SambaNova’s technology stack is expressly focused on running the largest AI models. Their target audience is the 2,000 largest companies in the world.

SambaNova was also cagey about how it deals with another hot topic for AI chips—sparsity. Many of the weights in LLMs are set to zero, so performing operations on them is a waste of computation. Finding ways to exploit this sparsity can provide significant speedups. In their promotional materials, SambaNova claims the SN40L “offers both dense and sparse compute.” This is partly enabled at the software layer through scheduling and how data is brought onto the chip, says Liang, but there is also a hardware component that he declined to discuss. “Sparsity is a battleground area,” he says, “so we’re not yet ready to disclose exactly how we do it.”

Another common trick to help AI chips run large models faster and cheaper is to reduce the precision with which parameters are represented. The SN40L uses the bfloat16 numerical format invented by Google engineers, and it also has support for 8-bit precision, but Liang says that low-precision computing is not a focus for them because their architecture already allows them to run models on a much smaller footprint.

Liang says the company’s technology stack is expressly focused on running the largest AI models—their target audience is the 2,000 largest companies in the world. The sales pitch is that these companies are sitting on huge stores of data but they don’t know what most of it says. SambaNova says it can provide all the hardware and software needed to build AI models that unlock this data without companies having to fight for chips or AI talent. “You’re up and running in days, not months or quarters,” says Liang. “Every company can now have their own GPT model.”

One area where the SN40L is likely to have a significant advantage over competing hardware, says Gartner analyst Chirag Dekate, is multimodal AI. The future of generative AI is large models that can handle a variety of different types of data, such as images, videos, and text, he says, but this results in highly variable workloads. The fairly rigid architectures found in GPUs aren’t well suited to this kind of work, says Dekate, but this is where SambaNova’s focus on reconfigurability could shine. “You can adapt the hardware to match the workload requirements,” he says.

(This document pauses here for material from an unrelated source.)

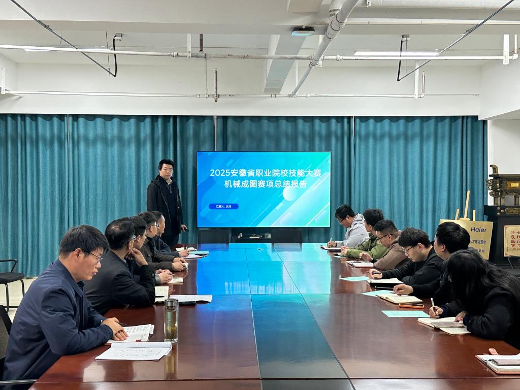 近日,机电工程学院召开2025年安徽省职业院校技能大赛机械成图赛项总结会,全面回顾参赛历程,谋划新一年备赛工作。学院领导班子、指导教师团队参加会议。赛项负责人沈帅老师作专题汇报。

However, custom AI chips like those made by SambaNova do make a trade-off between performance and flexibility, says Dekate. Although they might not be quite as powerful, GPUs can run almost any neural network out of the box and are supported by a powerful software ecosystem. In contrast, models have to be specially adapted to work on chips like the SN40L. Dekate notes that SambaNova has been building up a catalog of pre-baked models that customers can take advantage of, but Nvidia’s dominance in all aspects of AI development is a major challenge.

“The architecture is actually superior to conventional GPU architectures,” Dekate says. “But unless you get these technologies in the hands of customers and enable mass consumerization, I think you’re likely going to struggle.”

That will be even more challenging now that Nvidia is also moving into the full-stack, AI-as-a-service market with its DGX Cloud offering, says Dylan Patel, chief analyst at the consultancy SemiAnalysis. “The chip is a significant step forward,” he says. “I don’t believe the chip will change the landscape.”